ИЗУЧЕНИЕ. "Nur durch das Morgenthor des Schönen Drangst du in der Erkenntniss Land; An höhen Glanz sich zu gewöhnen Uebt sich, am Reize der Verstand. Was bei dem Saitenklang der Musen Mit süssem Beben dich, durchdrang, Erzog die Kraft in deinem Busen, Die sich dereinst zum Weltgeist schwang."
ШИЛЛЕР. "To work, with heart resigned and spirit strong; Subdue, with patient toil, life's bitter wrong, Through Nature's dullest, as her brightest ways, We will march onward, singing to thy praise."
Е. С., в журнале «Дайал».
"Особенность занятий ученого мужа заключается в том, что наука — и особенно та ее сторона, с которой он постигает целое, — должна беспрестанно возникать перед ним в новых и прекрасных формах. Пусть же эта свежая духовная юность никогда не стареет в нем; пусть ни одна форма не становится застывшей и косной; пусть каждый рассвет приносит ему новую радость и любовь в его призвании и всё более широкие взгляды на его значение".
ФИХТЕ. * * * * *
Об ученых занятиях Маргарет во время ее пребывания в Кембридже я знал лично лишь то, что касалось немецкого языка. К моменту нашей первой встречи она уже была знакома с шедеврами французской, итальянской и испанской литератур. Но весь этот объем чтения не сделал ее «глубоко образованной в книгах и поверхностной в самой себе»; ибо к изучению большинства авторов она подходила «с духом и гением, равными или превосходящими их», — во всяком случае, насколько это касалось аналитического рассудка.

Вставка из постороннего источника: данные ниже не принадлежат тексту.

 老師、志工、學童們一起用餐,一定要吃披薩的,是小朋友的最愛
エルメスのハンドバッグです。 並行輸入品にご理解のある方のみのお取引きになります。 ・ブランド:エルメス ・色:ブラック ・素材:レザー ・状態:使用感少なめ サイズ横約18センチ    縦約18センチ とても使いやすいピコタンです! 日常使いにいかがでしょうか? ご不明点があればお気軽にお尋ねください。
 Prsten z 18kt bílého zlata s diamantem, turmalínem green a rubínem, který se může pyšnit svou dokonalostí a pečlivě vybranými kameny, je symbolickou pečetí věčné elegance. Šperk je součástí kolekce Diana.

Каждого изучаемого писателя, как и каждого знакомого человека, она помещала в его собственный класс, понимала его отношение к другим авторам, к миру, к жизни, к природе, к самой себе. Сколь бы сильно они ни восхищали ее, они никогда не увлекали ее за собой. Она рассекала течения их гения подобно величественному лебедю, плывущему против потока и наслаждающемуся бурной водой тем больше, чем сильнее она ей сопротивляется. В страстной борьбе любви она точно так же боролась с гением Сталь, Руссо, Альфьери, Петрарки.

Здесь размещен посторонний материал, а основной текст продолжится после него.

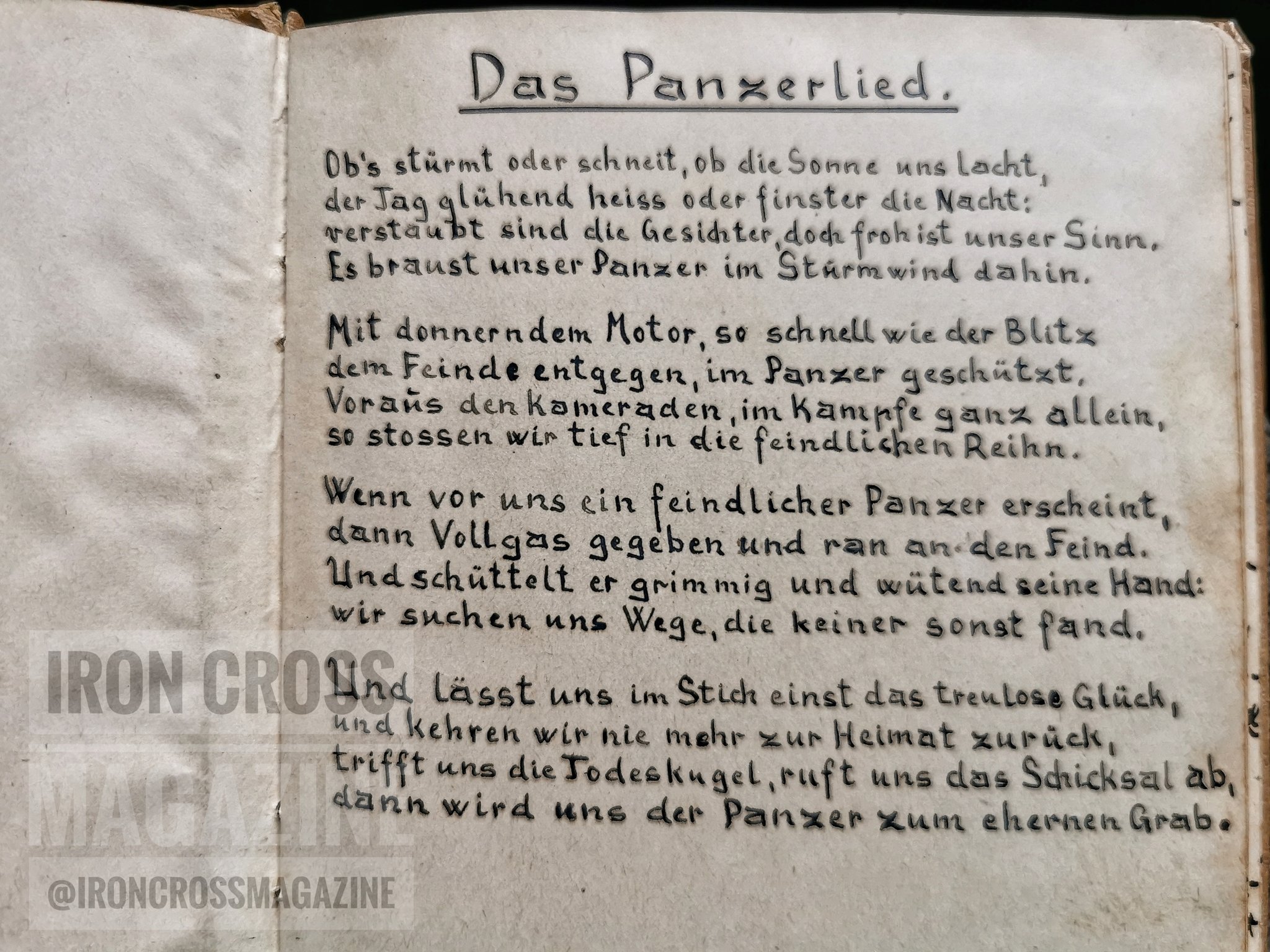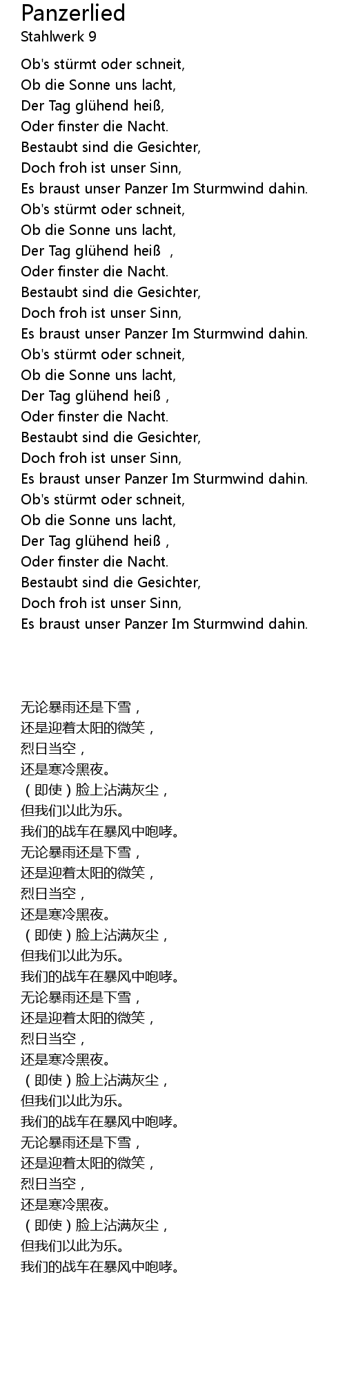 Panzerlied Lyrics / Es braust unser panzer im sturmwind dahin!

Первым и наиболее поразительным элементом в гении Маргарет был ясный, острый рассудок, который тонко различал разные вещи и удерживал каждую мысль, мнение, личность, характер на своем месте, не позволяя смешивать их ни с какими другими. Бог Термин председательствовал в ее интеллекте. Свои мысли она знала так, как мы знаем лица друг друга; мнения же, у большинства из нас столь смутные, призрачные и изменчивые, в ее сознании представали как субстанциальные и отчетливые реальности. Одни люди видят различия, другие — сходства; она же видела и то, и другое. Ни один софист не мог подсунуть ей фальшивую монету мысли; но в то же время она распознавала единую чистую металлическую основу в монетах разных эпох, даже когда те были смешаны с весьма губительным сплавом. Это придавало ее уму всеобъемлющий характер, чрезвычайно внушительный и убедительный, поскольку позволяло ей демонстрировать единую Истину или единый Закон, проявляющиеся в столь разнообразных явлениях. Добавьте к этому ее глубокую веру в истину, которая делала ее реалистом такого толка, для которого мысли были вещами. Мир ее мыслей возникал вокруг ее разума подобно панораме: солнце на небе, цветы, отчетливо различимые на переднем плане, бледная гора, резко, хотя и неярко, очерчивающая своим контуром небо вдалеке, — и всё это в чистой светотени, всё в идеальной перспективе.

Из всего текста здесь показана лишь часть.